▶ [Data listing]:
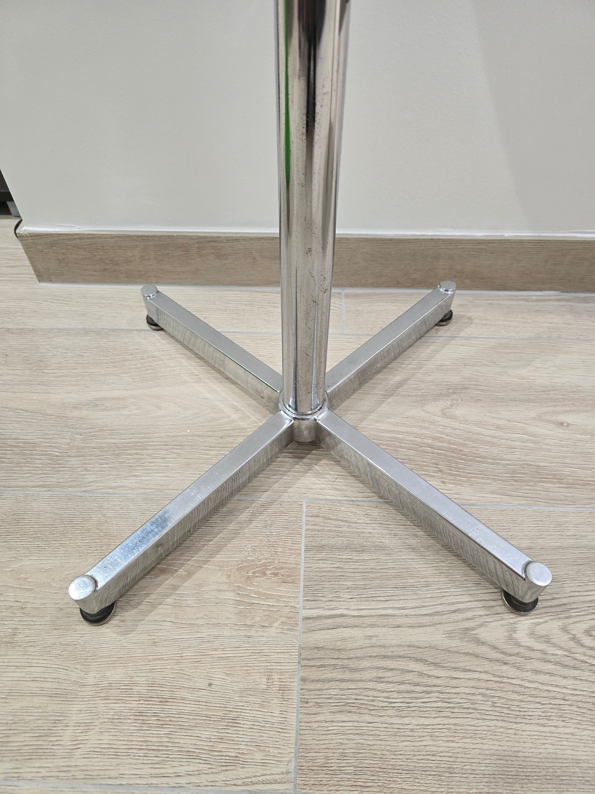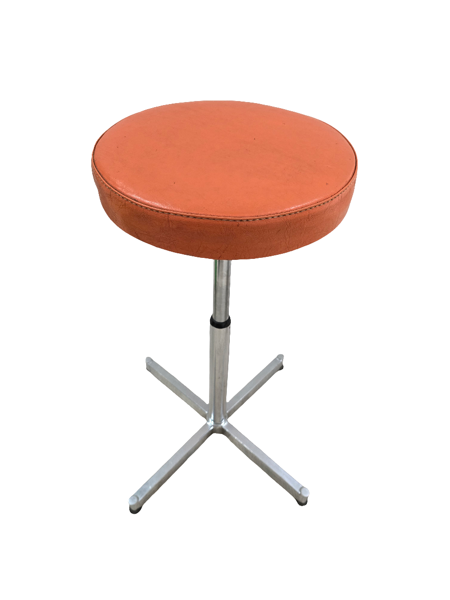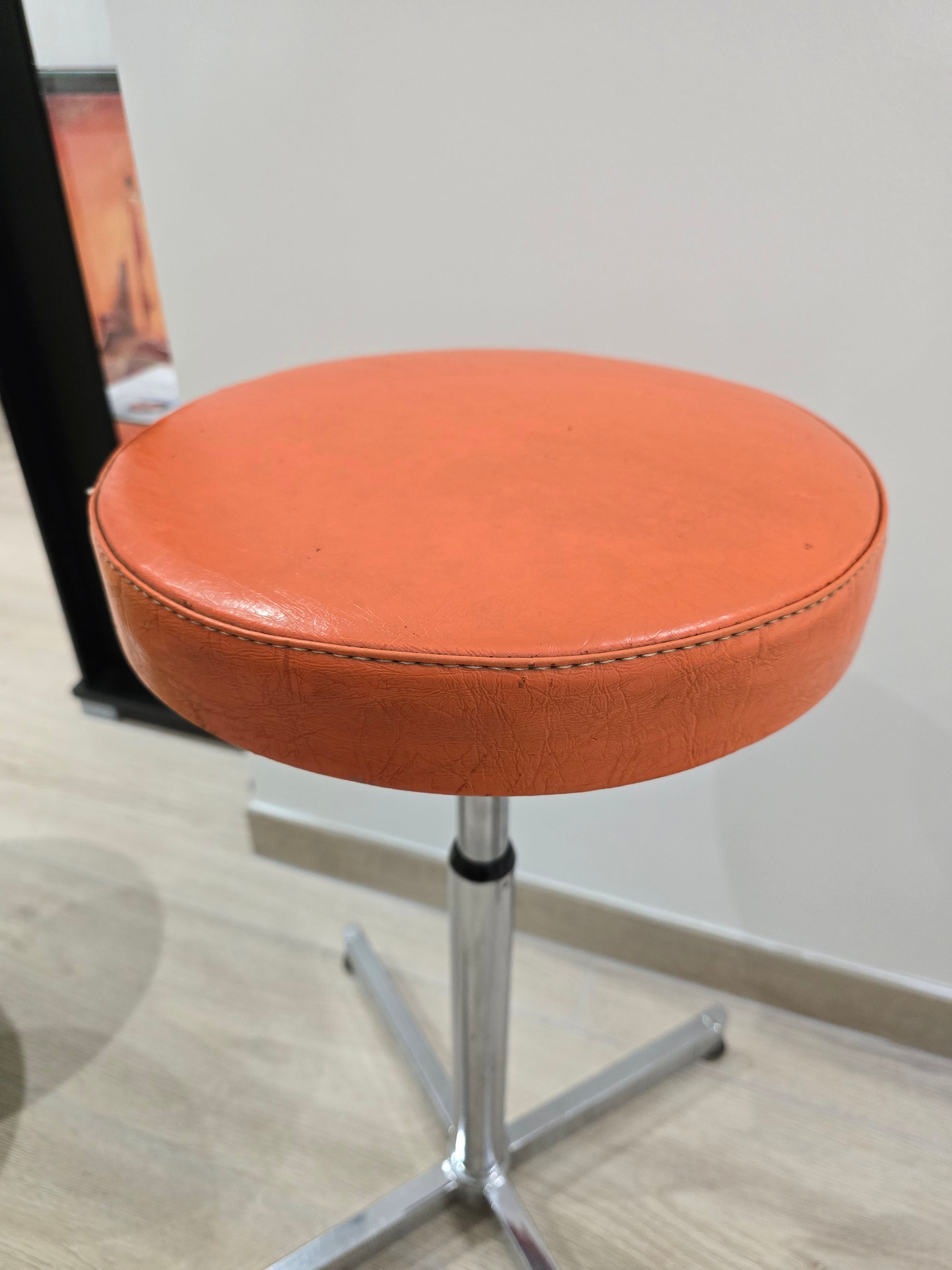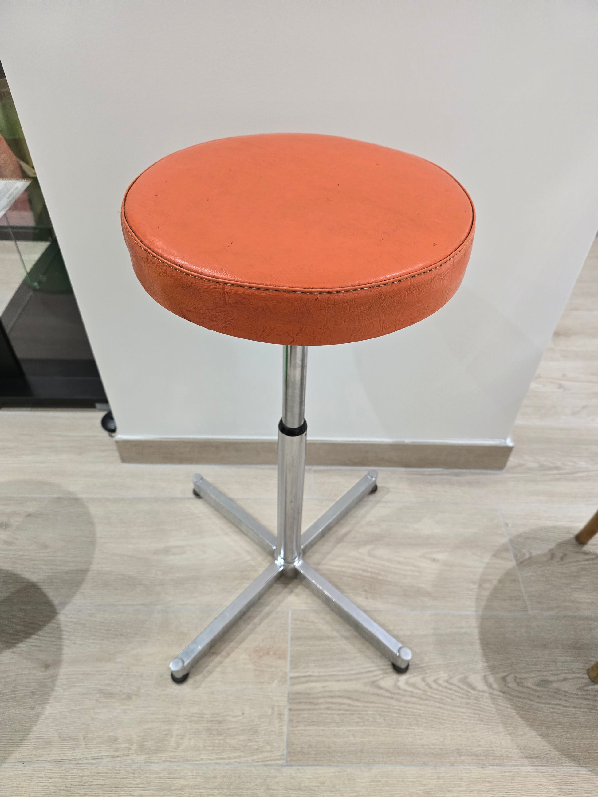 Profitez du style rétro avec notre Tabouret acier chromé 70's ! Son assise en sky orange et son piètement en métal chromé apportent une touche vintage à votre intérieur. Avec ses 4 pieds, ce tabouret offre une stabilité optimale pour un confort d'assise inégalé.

...

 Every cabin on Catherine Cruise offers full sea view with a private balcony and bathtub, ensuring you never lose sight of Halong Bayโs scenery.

...

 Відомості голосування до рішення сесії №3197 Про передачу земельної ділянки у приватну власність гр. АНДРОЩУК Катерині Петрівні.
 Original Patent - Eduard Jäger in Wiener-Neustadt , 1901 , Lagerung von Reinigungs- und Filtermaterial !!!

▶ [About this task]:
In the listing above, the lines from the one containing "Відомості голосування до" through the one containing "Original Patent - Eduard" must be set down exactly, with no other lines.

▶ [Output]:
 Відомості голосування до рішення сесії №3197 Про передачу земельної ділянки у приватну власність гр. АНДРОЩУК Катерині Петрівні.
 Original Patent - Eduard Jäger in Wiener-Neustadt , 1901 , Lagerung von Reinigungs- und Filtermaterial !!!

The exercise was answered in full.